PROJECT_ROOT = Path(os.getcwd()).resolve().parent
sys.path.append(str(PROJECT_ROOT))

print("PROJECT_ROOT:", PROJECT_ROOT)

PROJECT_ROOT: C:\Users\Matth\OneDrive\Desktop\CS3346\MLB-Bullpen-Strategy


In [2]:
from src.rl.cql import (
    load_cql_training_config,
    train_cql,
    BullpenOfflineDataset,
    RLDatasetConfig,
)
from src.ope.offline_eval_cql import (
    OfflineEvalConfig,
    load_model_and_dataset,
    evaluate_td_error_full_mse,
    direct_policy_value_estimate,
    compute_policy_behavior_stats,
    compute_q_distributions,
    summarize_policy_behavior_stats,
    summarize_q_distributions,
)

## 2. Configurations

In [7]:
DATA_DIR = PROJECT_ROOT / "data"
PROC_DIR = DATA_DIR / "processed"
CONFIG_DIR = PROJECT_ROOT / "configs"
MODELS_DIR = PROJECT_ROOT / "models"

MODELS_DIR.mkdir(parents=True, exist_ok=True)

YEAR_TAG = "2022_2023"
RL_TENSORS_PATH = PROC_DIR / f"rl_tensors_{YEAR_TAG}.npz"
MODEL_CFG_PATH = CONFIG_DIR / "model.yaml"
TRAIN_CFG_PATH = CONFIG_DIR / "training.yaml"
MODEL_OUT_PATH = MODELS_DIR / f"cql_model_{YEAR_TAG}.pth"

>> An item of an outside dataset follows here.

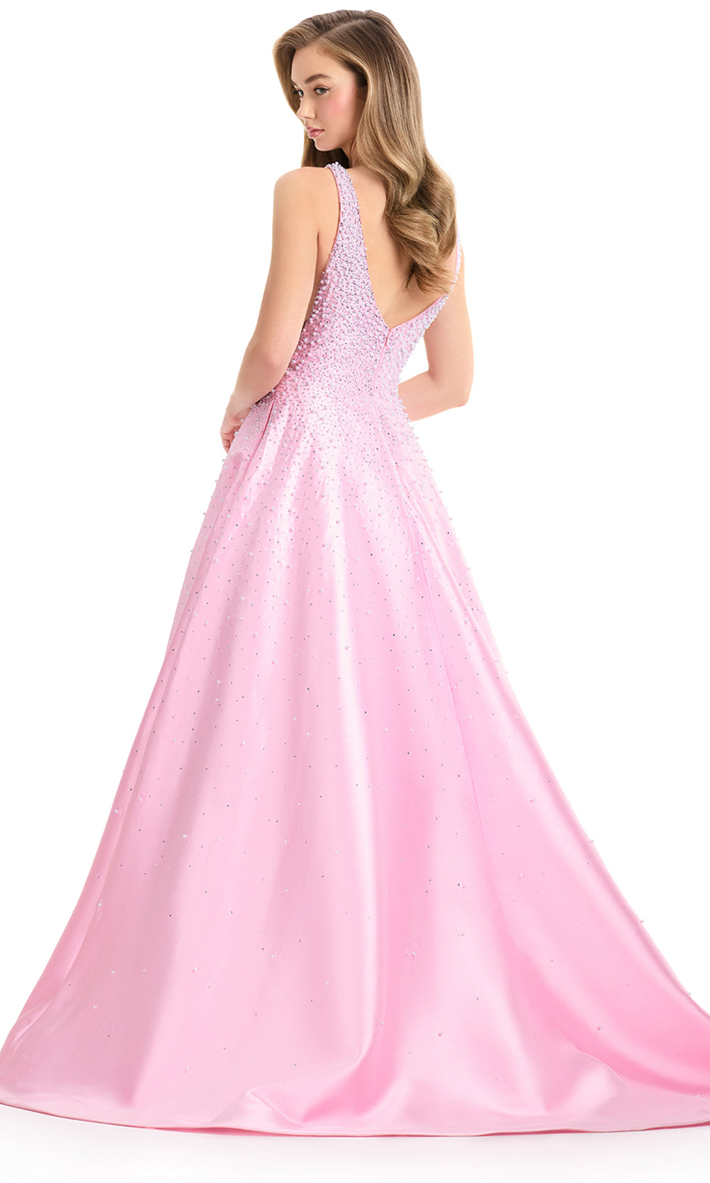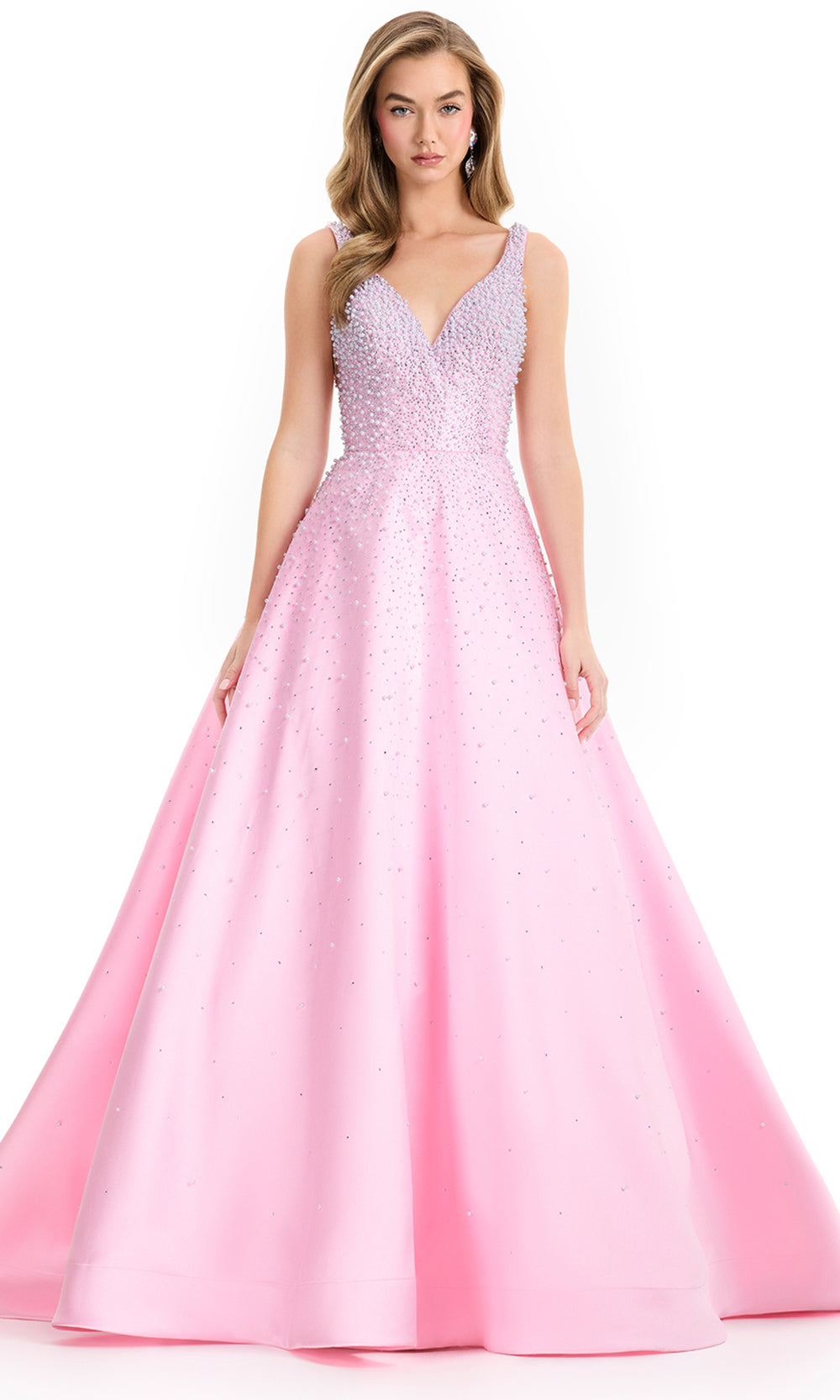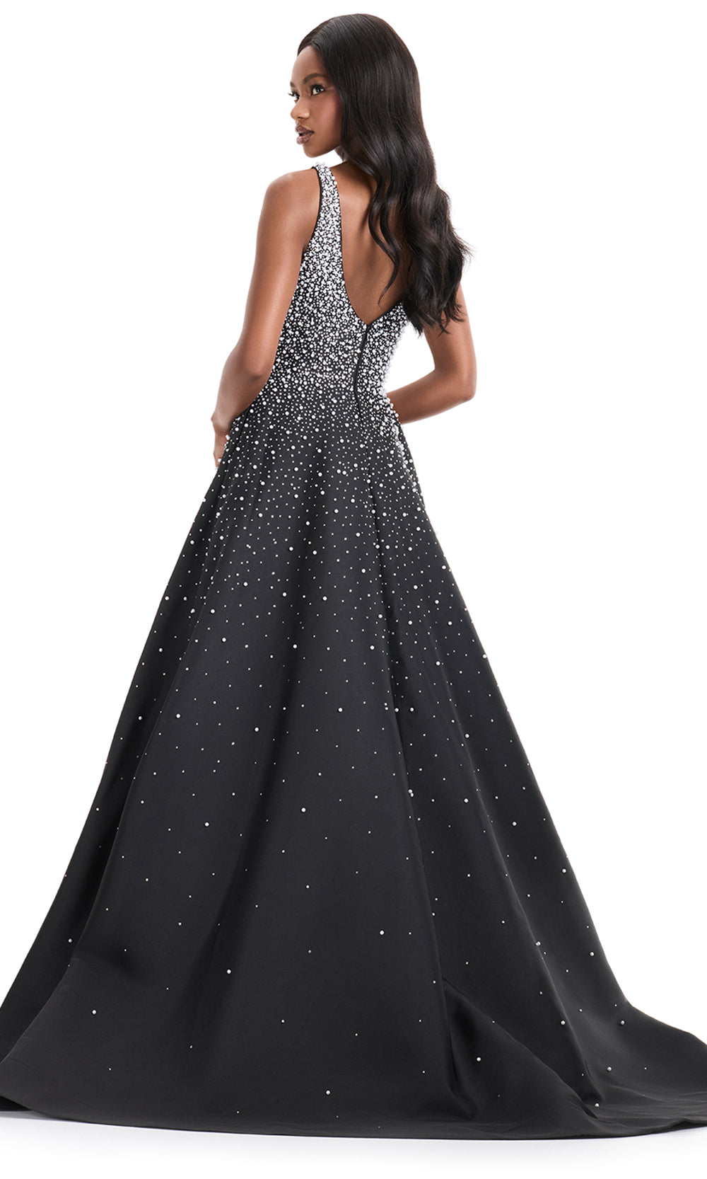 Exuding timeless poise, Ashley Lauren 12160 is a dress that brings an air of classic refinement to every formal setting. Designed with a deep v-neckline and structured bodice, it transitions seamlessly into a voluminous A-line skirt that moves gracefully with each step. Intricate embellishments of heat set stones and pearls create a delicate shimmer across the silhouette, adding depth and texture. A modern choice for prom or evening events, Ashley Lauren 12160 celebrates elegance with radiant artistry. Models are wearing Black, Ice Pink, Ivory, Sky, and Yellow colors.
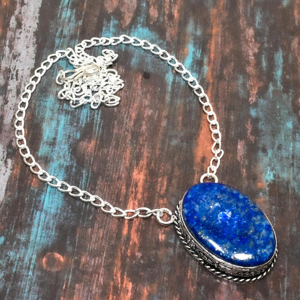 Необычное ожерелье из твердого серебра 925 пробы с драгоценным камнем лазурит ручной работы

print("RL tensors:", RL_TENSORS_PATH)
print("Model config:", MODEL_CFG_PATH)
print("Training config:", TRAIN_CFG_PATH)
print("Model output:", MODEL_OUT_PATH)

RL tensors: C:\Users\Matth\OneDrive\Desktop\CS3346\MLB-Bullpen-Strategy\data\processed\rl_tensors_2022_2023.npz
Model config: C:\Users\Matth\OneDrive\Desktop\CS3346\MLB-Bullpen-Strategy\configs\model.yaml
Training config: C:\Users\Matth\OneDrive\Desktop\CS3346\MLB-Bullpen-Strategy\configs\training.yaml
Model output: C:\Users\Matth\OneDrive\Desktop\CS3346\MLB-Bullpen-Strategy\models\cql_model_2022_2023.pth


## 3. Load Dataset & Build Model

In [4]:
device = "cuda" if torch.cuda.is_available() else "cpu"
print("Using device:", device)

train_cfg = load_cql_training_config(
    model_config_path=MODEL_CFG_PATH,
    data_path=RL_TENSORS_PATH,
    device=device,
)

train_cfg

ds = BullpenOfflineDataset(
    RLDatasetConfig(
        data_path=train_cfg.data_path,
        device=train_cfg.device,
    )
)

print("Dataset size:", len(ds))
print("State dim:", ds.state_dim)
print("Num actions:", ds.num_actions)
print("H (next hitters window):", ds.H)
print("R (max relievers per team):", ds.R)

Using device: cpu
Dataset size: 407660
State dim: 208
Num actions: 11
H (next hitters window): 5
R (max relievers per team): 10


## 4. Create Dueling CQL Model + Trainer
This calls train_dqn(train_cfg), which:

* loads BullpenOfflineDataset from train_cfg.data_path
* splits into train/val by train_cfg.val_fraction
* trains a dueling CQL with a target network
* logs TD-error periodically using evaluate_td_error in cql.py

In [5]:
cql_model = train_cql(train_cfg)

[CQL] step=0 loss=2683.03076
      val_td_error=1922.08275
      (new best val TD: 1922.08275)
[CQL] step=1000 loss=70.73781
      val_td_error=63.18487
      (new best val TD: 63.18487)
[CQL] step=2000 loss=51.70225
      val_td_error=47.31063
      (new best val TD: 47.31063)
[CQL] step=3000 loss=61.52235
      val_td_error=42.82033
      (new best val TD: 42.82033)
[CQL] step=4000 loss=39.97438
      val_td_error=37.18340
      (new best val TD: 37.18340)
[CQL] step=5000 loss=25.22389
      val_td_error=31.89558
      (new best val TD: 31.89558)
[CQL] step=6000 loss=43.89261
      val_td_error=26.80671
      (new best val TD: 26.80671)
[CQL] step=7000 loss=30.33501
      val_td_error=23.26473
      (new best val TD: 23.26473)
[CQL] step=8000 loss=26.39179
      val_td_error=18.94468
      (new best val TD: 18.94468)
[CQL] step=9000 loss=15.05893
      val_td_error=16.67717
      (new best val TD: 16.67717)
[CQL] step=10000 loss=13.25649
      val_td_error=14.56026
      (new best va

## 5. Save trained model weights

In [8]:
torch.save(cql_model.state_dict(), MODEL_OUT_PATH)
MODEL_OUT_PATH

WindowsPath('C:/Users/Matth/OneDrive/Desktop/CS3346/MLB-Bullpen-Strategy/models/cql_model_2022_2023.pth')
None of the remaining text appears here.